One final moan/prediction. When the Aged finally gets off its fart arse (interesting typo that one, might leave it in!) and institutes a theatre/arts blog -- which the Sydney Morning Herald did last year -- we're gonna have to endure the patronising bilge about them "legitimising" the internet.
The bastards say: just fuck right off. (Excuse me.)
We like profane language here, it adds to our street cred and misleading glamour...
Good point too on the Sydney/Melbourne thing. Sydney is a bit of a vacuum for me, as I never get there. A pity, I love visiting but I can't remember the last time I went. As Jeremy Eccles complained once, this is a Melbourne-centric blog. That's because I live here.
Yeah, can't wait to be "legitimised". I guess it's like a brand on the arse.
I was thinking, Alison, your bullshit had a real frisson... cos you're more judicious? sparing? in your use and abuse of profanity.
If I can misquote Kramer: Serenity now, profanity later.
At the risk of sounding repetitive, to put it succinctly, every criticism Leslie Cannold had of blogging I thought was equally attributable to mainstream media.
Perhaps we're giving her too much credit (and oxygen). I think the article was just an obligatory article with little sincerity. Perhaps even deliberately provocative.

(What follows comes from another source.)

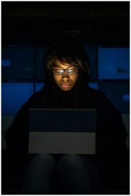 Woman immersed in laptop work during nighttime. Technology and focus in action.
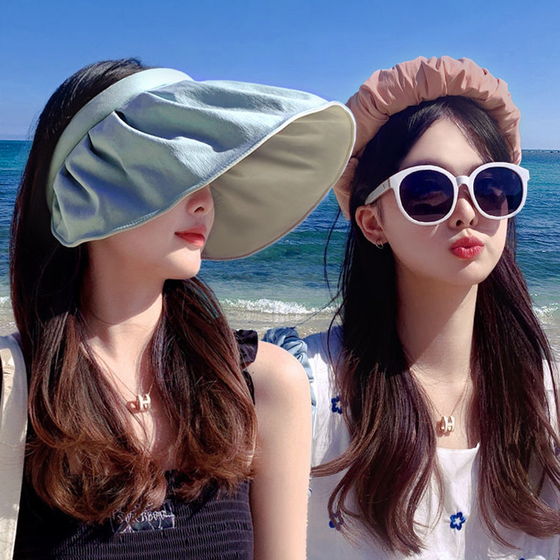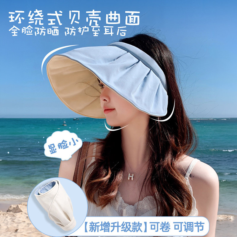 防晒帽女防紫外线大帽檐贝壳遮阳帽空顶帽子太阳帽遮脸可折叠夏天

Well, I do think the new media/ old media opposition is a bit of a straw man. It's much more complex than that and to my mind much more interesting. Anyone claiming that blogs are going to blow old media away isn't on planet earth; on the other hand, Cannold does say that they may revitalise newspapers, as they are shown up as out of touch. We shall see. I certainly don't believe that a job on the Age guarantees authority and gravitas, though people often seem to think it does. I think that's earned by the work one does. But all the same, sometimes I wish I had a sub (Chris steps in for me now and again...) Anyway, interesting times.
Ironically, The Age also has an article online today about RSS:
"RSS" is one of the coolest things you've never heard of when it comes to the internet.
It goes on to say that newspapers are starting to use feeds, but then there's not a word on what The Age is doing about it. Personally, I use RSS feeds to deliver ABC news to my personalised Google home page. It'd be nice to get The Age feeds.